[[ Dataset records open ]]

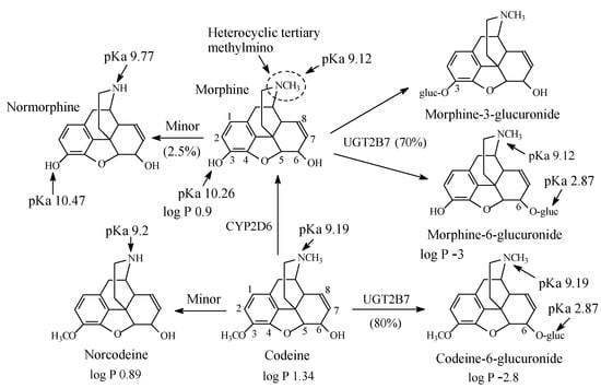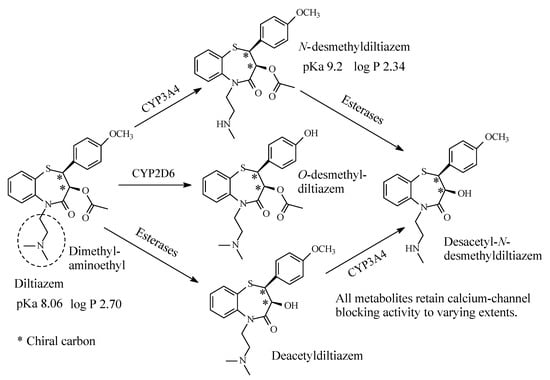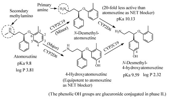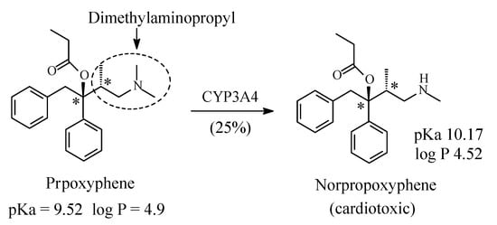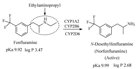 Venlafaxine (Figure 6) is an antidepressant drug that acts as both serotonin and norepinephrine reuptake inhibitor. It contains a dimethylaminomethyl moiety. The metabolic pathways of venlafaxine are depicted in Figure 6 [16,17,18,19]. While O-desmethylvenlafaxine is equiactive and equipotent with the parent drug as antidepressant and has been developed into a drug of its own right under the name of desvenlafaxine, N-desmethylvenlafaxine is devoid of antidepressant activity [20,21]. The pKa and log p values of venlafaxine and desvenlafaxine are given in Figure 6.
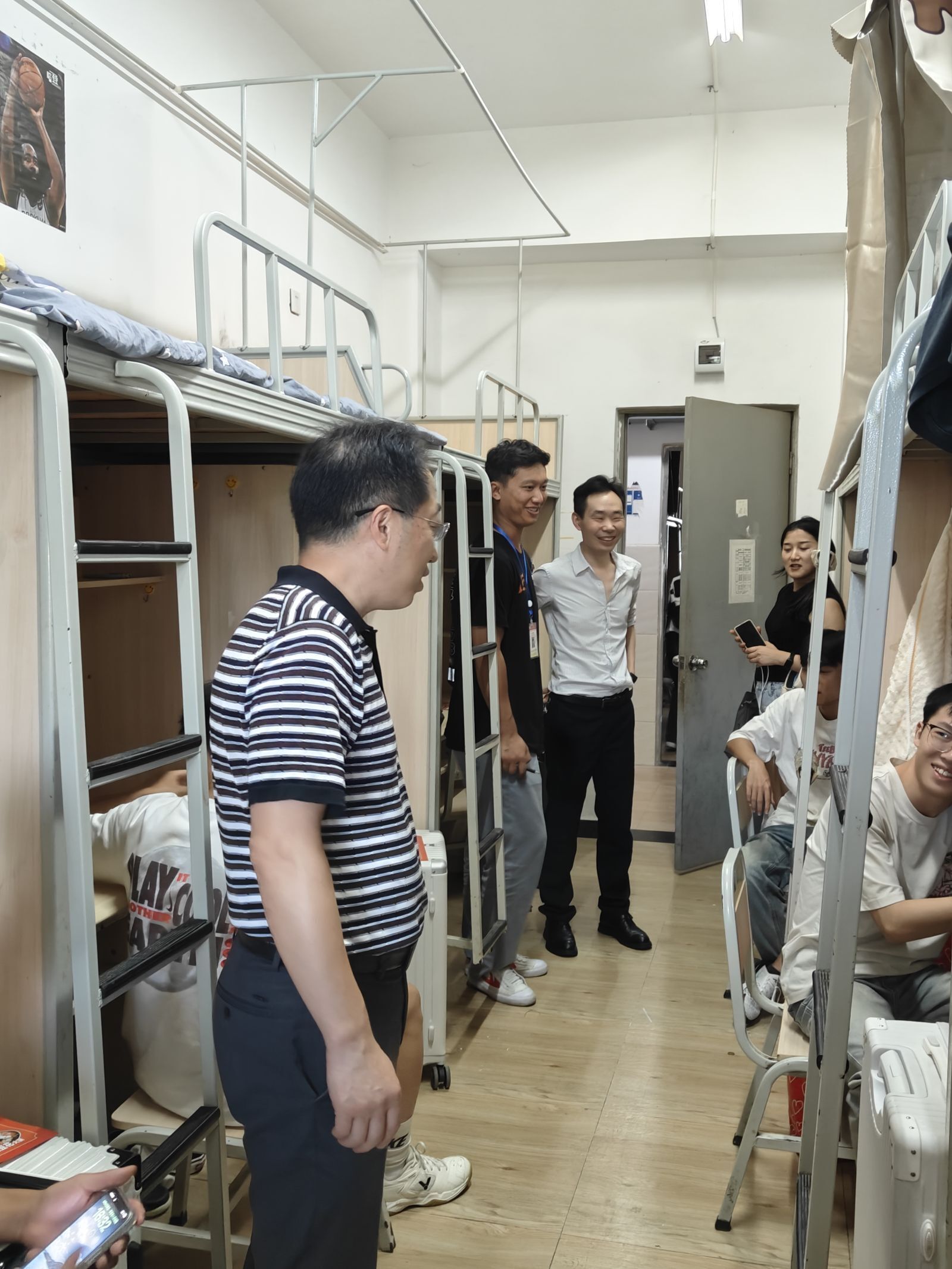下午,经理、书记、辅导员老师一行走访宿舍,察看员工入住情况,对新生进行慰问,询问他们的入校感受,祝愿新生顺利适应老员工活。
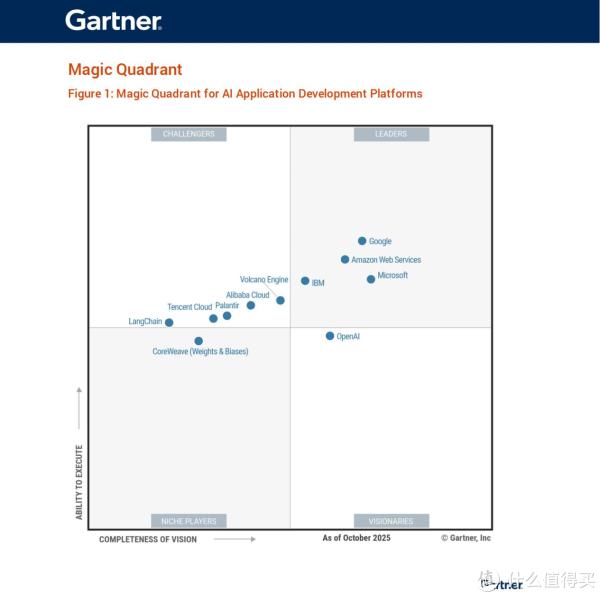 日前,Gartner®发布2025年度全球《AI应用开发平台魔力象限》:凭借豆包大模型和火山方舟大模型服务平台 ,火山引擎领跑全球挑战者象限,在中国厂商中位居第一,阿里云、腾讯云也入围挑战者象限。
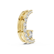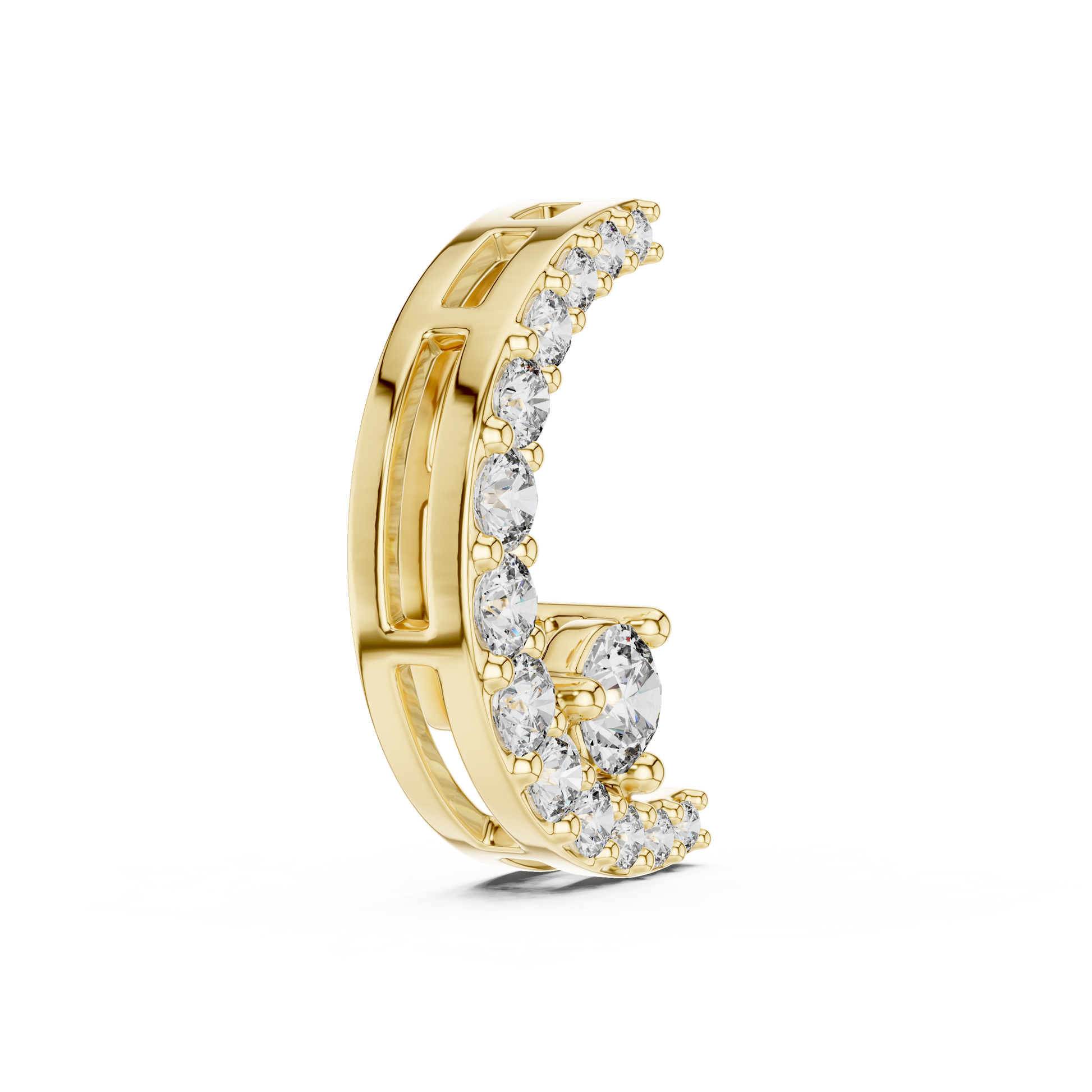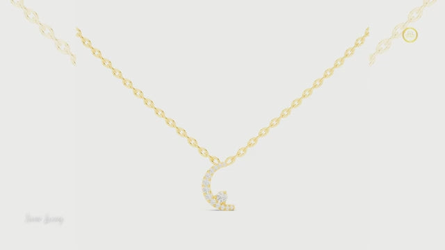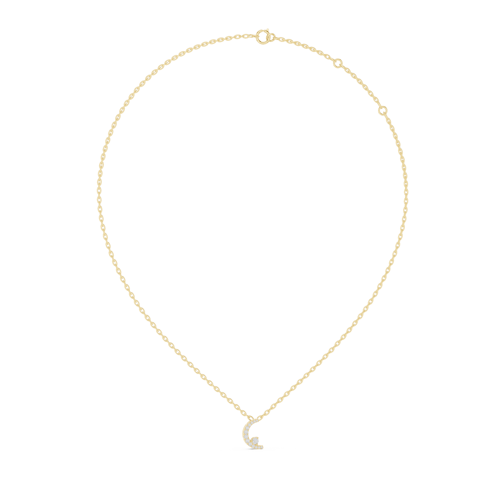 This graceful pendant is inspired by the beauty of a crescent moon, crafted in luminous gold and adorned with sparkling pave set round cut diamonds. A larger round diamond accent near the base adds depth and brilliance, enhancing the flowing curved silhouette. The celestial design blends modern elegance with timeless symbolism, making this pendant a meaningful and stylish piece for everyday wear or special moments. Perfect for those who love refined sparkle with a touch of cosmic charm.
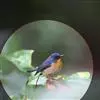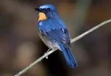 山蓝仙鹟:小型鸟类,体长13-15厘米。雄鸟额基和眼先黑色,颏橙棕色,仅颏尖为蓝黑色,喉、胸、上腹和两胁亦为橙棕色,下体白色范围较小,仅局限于下腹和尾下覆羽。雌鸟上体少黄色,颏、喉、胸概为锈红色,…全部>>
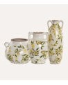 Este encantador Jarrón de Limones con Asas Estilo Vintage está disponible en 3 modelos con distintas medidas. El Modelo 1 mide 21 x 20 x 16 cm, el Modelo 2 tiene dimensiones de 17 x 17 x 22 cm y el Modelo 3 es de 13 x 13 x 35 cm. Cada jarrón presenta un patrón de limones pintados a mano, aportando un toque fresco y colorido. Sin embargo, el acabado antiguo y desgastado del jarrón le otorga un auténtico estilo vintage.
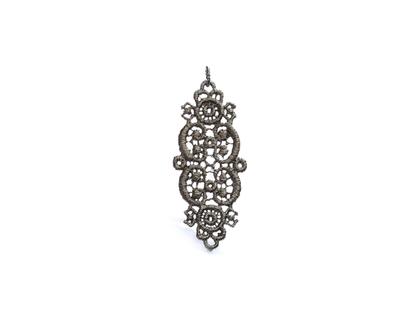 Anhänger aus 925/- Silber schwarz rhodiniert, Anhänger mit symmetrischem Spitzenmuster, 56 mm lang - ohne Halskette

[[ Dataset records closed ]]

▶ **Task directions**
What is needed is an exact restatement of every line from the one containing "日前,Gartner®发布2" through the last line of the records, pictures left out.

▶ **Task output**
 日前,Gartner®发布2025年度全球《AI应用开发平台魔力象限》:凭借豆包大模型和火山方舟大模型服务平台 ,火山引擎领跑全球挑战者象限,在中国厂商中位居第一,阿里云、腾讯云也入围挑战者象限。
 This graceful pendant is inspired by the beauty of a crescent moon, crafted in luminous gold and adorned with sparkling pave set round cut diamonds. A larger round diamond accent near the base adds depth and brilliance, enhancing the flowing curved silhouette. The celestial design blends modern elegance with timeless symbolism, making this pendant a meaningful and stylish piece for everyday wear or special moments. Perfect for those who love refined sparkle with a touch of cosmic charm.
 山蓝仙鹟:小型鸟类,体长13-15厘米。雄鸟额基和眼先黑色,颏橙棕色,仅颏尖为蓝黑色,喉、胸、上腹和两胁亦为橙棕色,下体白色范围较小,仅局限于下腹和尾下覆羽。雌鸟上体少黄色,颏、喉、胸概为锈红色,…全部>>
 Este encantador Jarrón de Limones con Asas Estilo Vintage está disponible en 3 modelos con distintas medidas. El Modelo 1 mide 21 x 20 x 16 cm, el Modelo 2 tiene dimensiones de 17 x 17 x 22 cm y el Modelo 3 es de 13 x 13 x 35 cm. Cada jarrón presenta un patrón de limones pintados a mano, aportando un toque fresco y colorido. Sin embargo, el acabado antiguo y desgastado del jarrón le otorga un auténtico estilo vintage.
 Anhänger aus 925/- Silber schwarz rhodiniert, Anhänger mit symmetrischem Spitzenmuster, 56 mm lang - ohne Halskette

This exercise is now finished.